- [HOW TO COMPLETE THIS TASK]: All lines below between the line with "Beige Gold And" and the line with "Квартира расположена в", including both, must be copied exactly, and the pictures must be omitted.
★ ★ ★ ★ ★
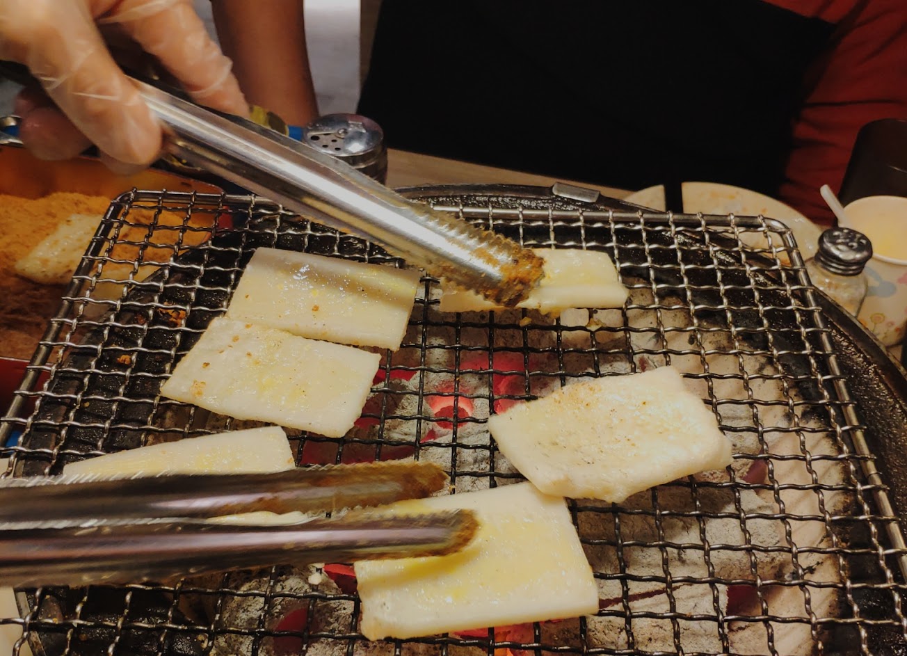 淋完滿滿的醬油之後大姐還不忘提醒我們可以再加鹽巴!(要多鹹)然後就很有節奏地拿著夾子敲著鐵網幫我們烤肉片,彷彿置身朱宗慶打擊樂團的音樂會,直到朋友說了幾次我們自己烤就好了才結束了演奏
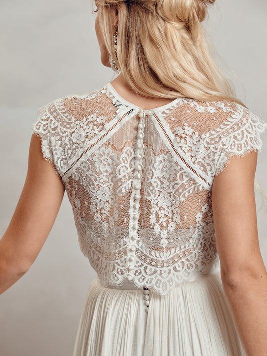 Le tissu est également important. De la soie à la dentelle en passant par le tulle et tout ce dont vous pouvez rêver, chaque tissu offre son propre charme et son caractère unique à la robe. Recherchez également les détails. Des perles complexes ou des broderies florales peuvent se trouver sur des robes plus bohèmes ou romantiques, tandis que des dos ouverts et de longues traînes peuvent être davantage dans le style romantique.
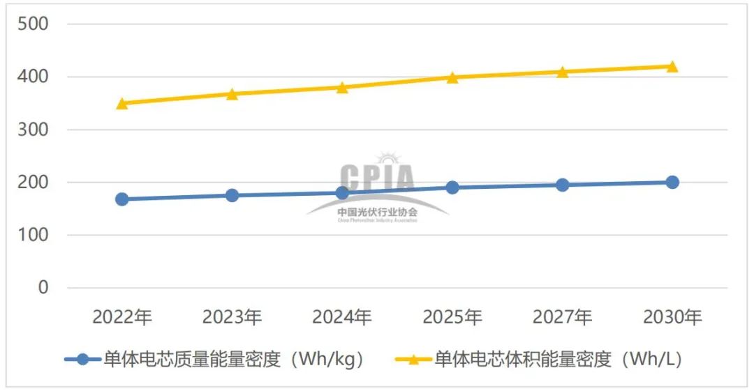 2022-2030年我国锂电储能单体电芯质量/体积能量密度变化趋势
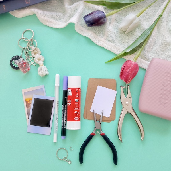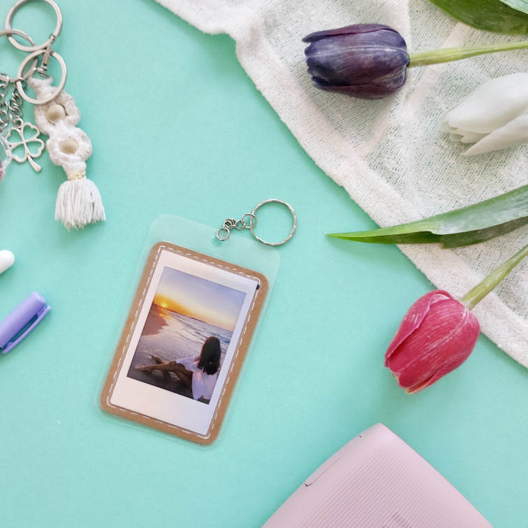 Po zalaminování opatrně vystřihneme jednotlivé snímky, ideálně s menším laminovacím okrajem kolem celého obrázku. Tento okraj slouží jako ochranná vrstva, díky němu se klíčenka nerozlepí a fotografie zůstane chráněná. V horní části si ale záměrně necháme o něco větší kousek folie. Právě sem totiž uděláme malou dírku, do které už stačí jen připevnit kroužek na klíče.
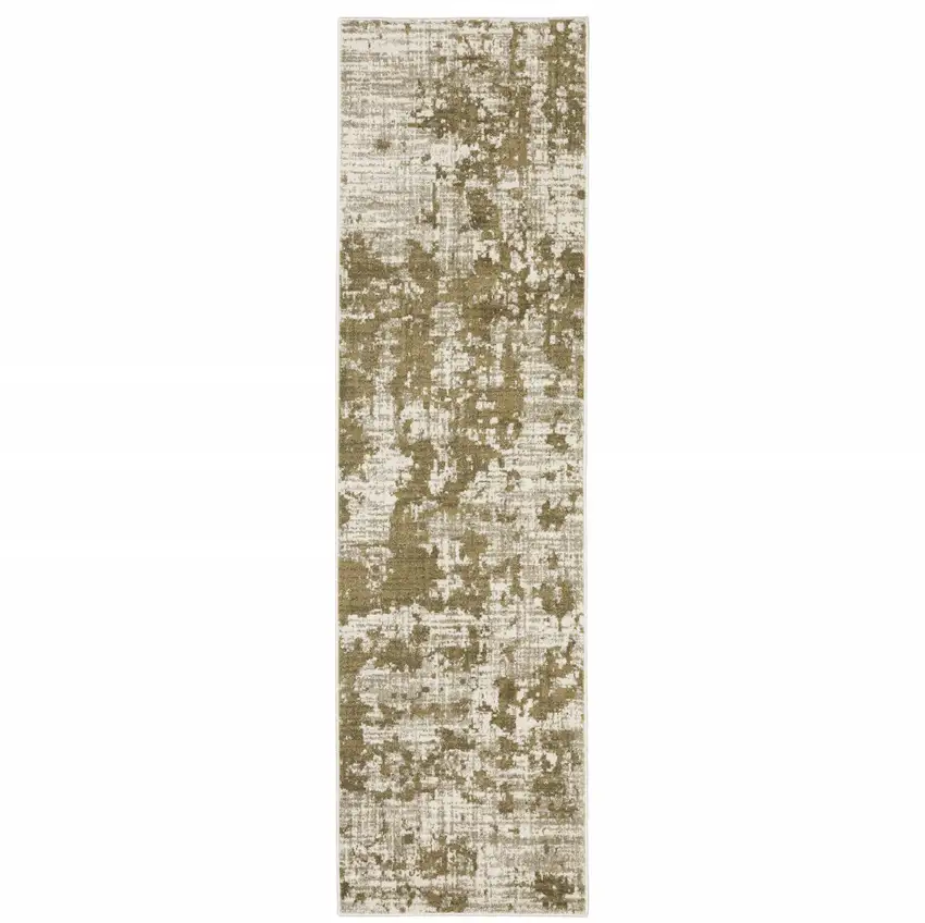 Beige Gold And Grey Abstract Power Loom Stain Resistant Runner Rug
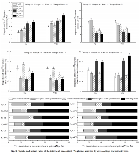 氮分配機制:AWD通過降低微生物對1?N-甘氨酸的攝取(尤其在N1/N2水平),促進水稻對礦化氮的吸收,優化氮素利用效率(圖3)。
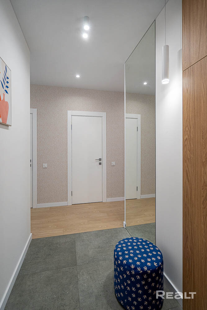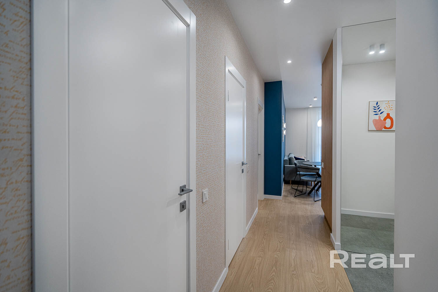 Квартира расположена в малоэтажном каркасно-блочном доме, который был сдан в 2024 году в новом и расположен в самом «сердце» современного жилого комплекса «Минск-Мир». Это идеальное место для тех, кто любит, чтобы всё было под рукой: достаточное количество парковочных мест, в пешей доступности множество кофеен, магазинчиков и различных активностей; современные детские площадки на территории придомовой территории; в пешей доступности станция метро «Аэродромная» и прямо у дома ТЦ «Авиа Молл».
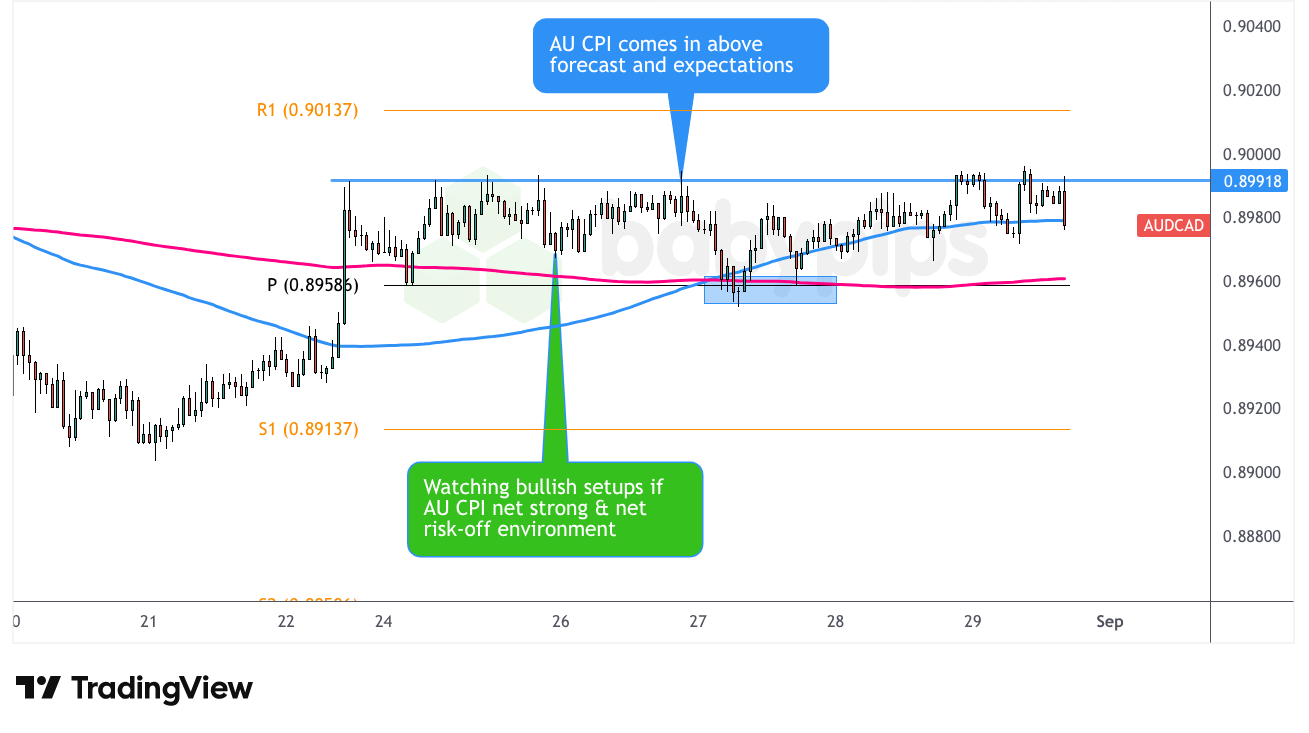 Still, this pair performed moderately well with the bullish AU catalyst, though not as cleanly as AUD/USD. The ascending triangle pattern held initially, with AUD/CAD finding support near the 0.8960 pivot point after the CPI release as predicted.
★ ★ ★ ★ ★
- [TASK ANSWER]:
 Beige Gold And Grey Abstract Power Loom Stain Resistant Runner Rug
 氮分配機制:AWD通過降低微生物對1?N-甘氨酸的攝取(尤其在N1/N2水平),促進水稻對礦化氮的吸收,優化氮素利用效率(圖3)。
 Квартира расположена в малоэтажном каркасно-блочном доме, который был сдан в 2024 году в новом и расположен в самом «сердце» современного жилого комплекса «Минск-Мир». Это идеальное место для тех, кто любит, чтобы всё было под рукой: достаточное количество парковочных мест, в пешей доступности множество кофеен, магазинчиков и различных активностей; современные детские площадки на территории придомовой территории; в пешей доступности станция метро «Аэродромная» и прямо у дома ТЦ «Авиа Молл».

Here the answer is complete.